Many new users wonder about how does forex trading work. The concept was developed for businesses and everyday people to trade currencies from around the world. Originally only banks and large corporations were allowed to trade currencies inside the forex markets. When the internet came into play over 20 years ago it allowed everyday people to use online brokers to make trades which has grown to what you see today.
If you ever visited a foreign country than you probably went to a currency exchange and exchanged your countries currency for the country you are in's currency. Then when you leave you usually trade back the countries currency for your currency. The exchange rate is different for each exchange of currency and fluctuates daily. How does forex trading work in this situation? This exchange rate is what is traded inside the forex market. People bet whether the exchange rate will rise or fall based on a wide variety of factors like the economic outlook, technical analysis, and more.

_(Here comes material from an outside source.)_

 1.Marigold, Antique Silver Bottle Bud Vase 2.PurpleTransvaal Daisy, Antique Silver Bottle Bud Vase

When you go to trade currency in the forex market you need to find a broker which is similar to the currency exchange you visit in another country. This is where your going to "bet" whether or not the currency pair you chose to trade will rise or fall.

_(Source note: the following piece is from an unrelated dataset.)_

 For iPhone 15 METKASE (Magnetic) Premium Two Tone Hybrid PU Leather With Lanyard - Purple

Currencies such as the USD, Japanese Yen, Canadian Dollar, British Pound, Euro, Swiss Franc, Australian Dollar are known as the Majors. Other currencies are considered minors and exotics. The minors include countries in the majors not paired with the USD, for example JPY/CAD (Japanese Yen/ Canadian Dollar) would be considered a minor. Exotic currencies are the rest of the currencies like the Russian Ruble, Chinese Yen, Mexican Peso. Not all of the online brokers trade the exotic currencies. I would definitely recommend finding an online broker that includes the exotic currencies so you have a lot more opportunites to trade with. I think your trading is limited when you have brokers that only include the majors and minors. Most trading strategies will work with the exotic pairs just as well with the majors and minors.
A strong economy represents a strong currency. When a country has a good economic outlook this is a signal for forex traders to buy into the currency. When an economy is weak this is a signal for traders to sell. This is why many trade strategies exist that compare economies to one another along with other fundamental factors. When a trader reads news reports about one economy getting stronger and another getting weaker at around the same time due to interest rates, war, job prospects, or housing than a trader will buy the stronger currency or sell the weaker one.